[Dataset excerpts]
**********

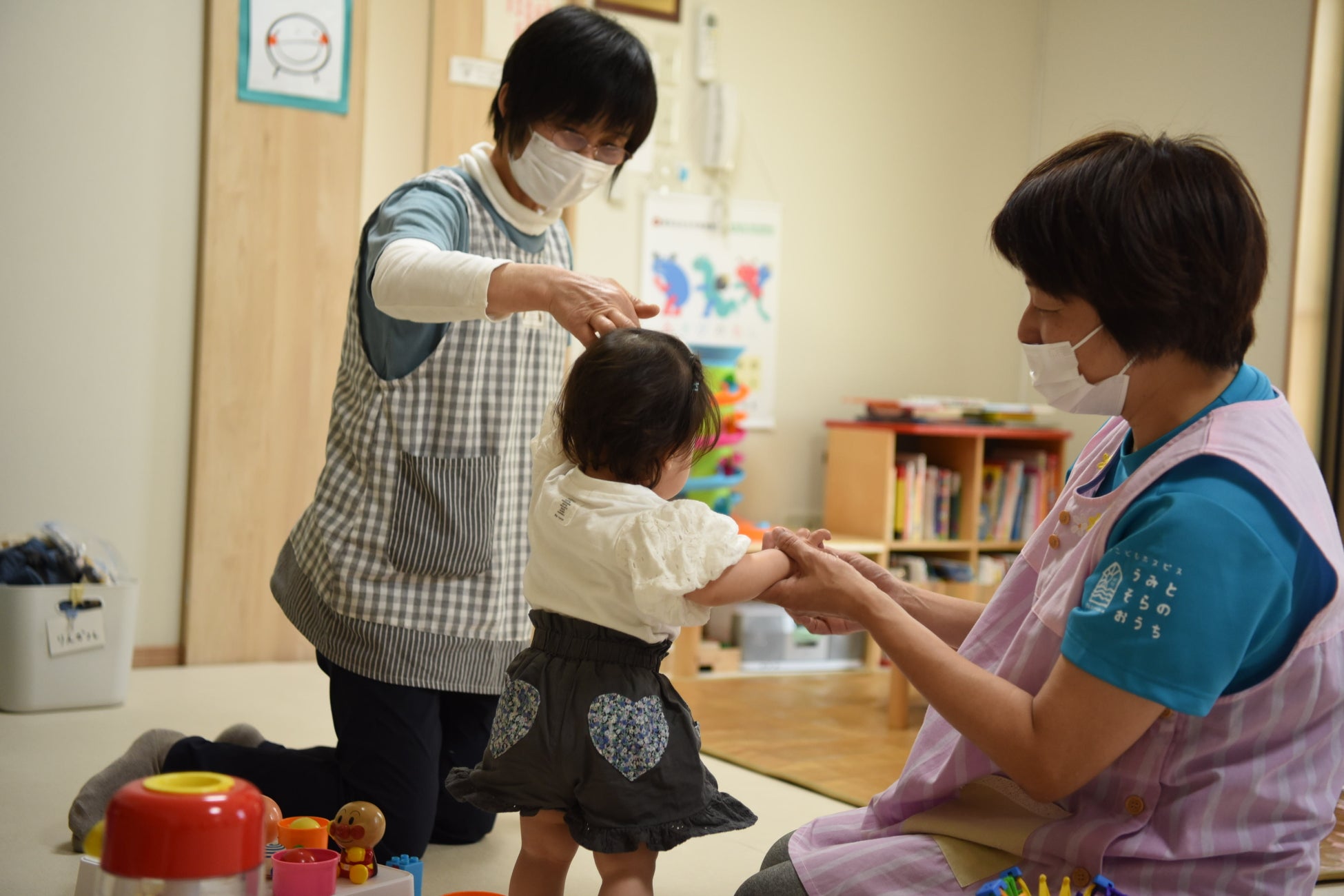 面会や付き添いに向かった親御さんの帰りを待つきょうだい児に、保育士がひとりひとりに寄り添って楽しい時間を過ごしています。
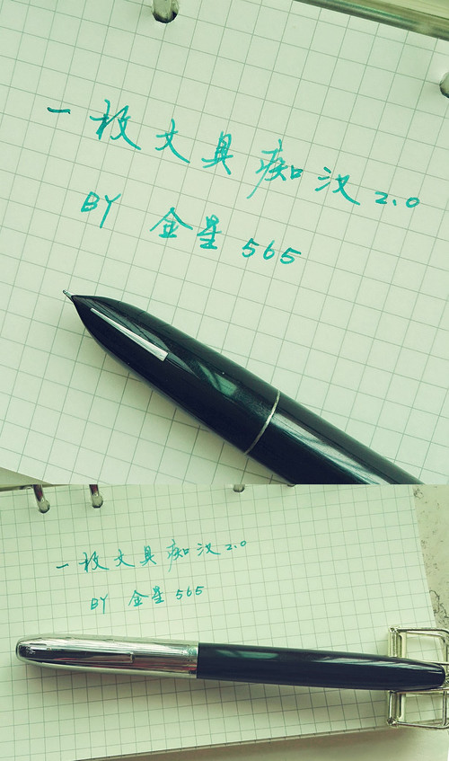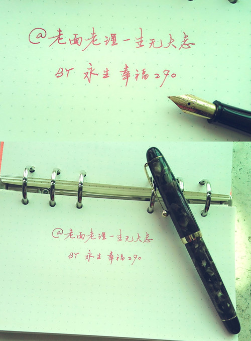 特点:磨砂笔杆很有质感,但笔身并不沉重,明尖设计,实际书写粗细在0.4mm左右,出墨(蘸墨基础上)流畅,出锋不及永生的包尖,不过也不错
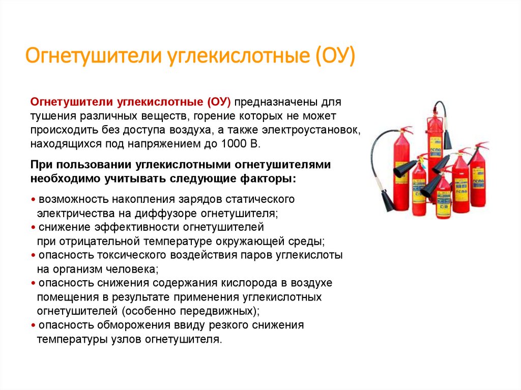пожаротушения (огнетушители, вода (при отключенном электрооборудовании)
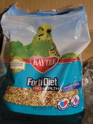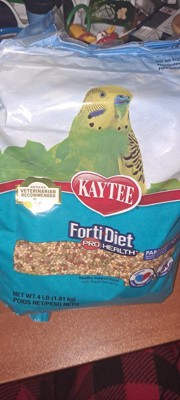 [This review was collected as part of a promotion.] Kaytee Forti-Diet Pro Health Parakeet Food is great. I love the 4 lb bag. It keeps well and my sweet little feathered friend loves it. It offers a nice variety of seeds for little birds. I love products that help keep my little loves healthy and around to live full lives. Great parakeet feed for sure!
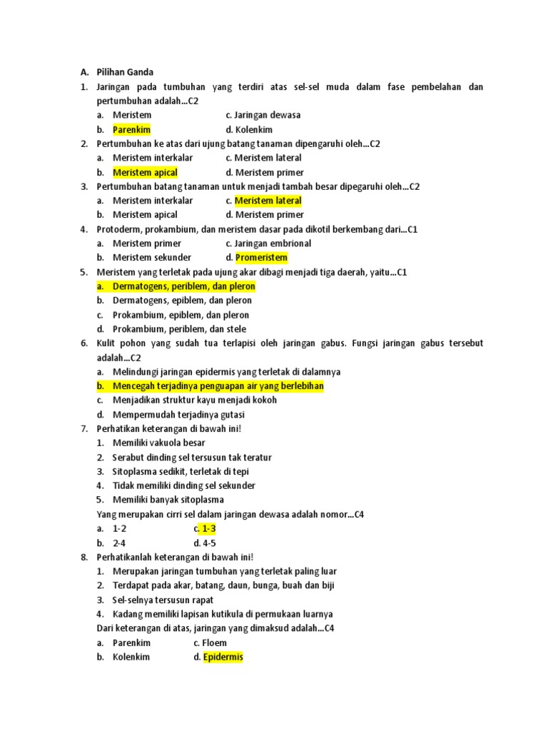 Contoh Soal Tts Biologi Tentang Jaringan Tumbuhan - Guru Paud

**********

**DIRECTIONS FOR THIS TASK:** Repeat exactly the lines above, from the line containing "特点:磨砂笔杆很有质感,但笔" through the last line of the records, inclusive; omit any pictures.

**TASK OUTPUT:**
 特点:磨砂笔杆很有质感,但笔身并不沉重,明尖设计,实际书写粗细在0.4mm左右,出墨(蘸墨基础上)流畅,出锋不及永生的包尖,不过也不错
пожаротушения (огнетушители, вода (при отключенном электрооборудовании)
 [This review was collected as part of a promotion.] Kaytee Forti-Diet Pro Health Parakeet Food is great. I love the 4 lb bag. It keeps well and my sweet little feathered friend loves it. It offers a nice variety of seeds for little birds. I love products that help keep my little loves healthy and around to live full lives. Great parakeet feed for sure!
 Contoh Soal Tts Biologi Tentang Jaringan Tumbuhan - Guru Paud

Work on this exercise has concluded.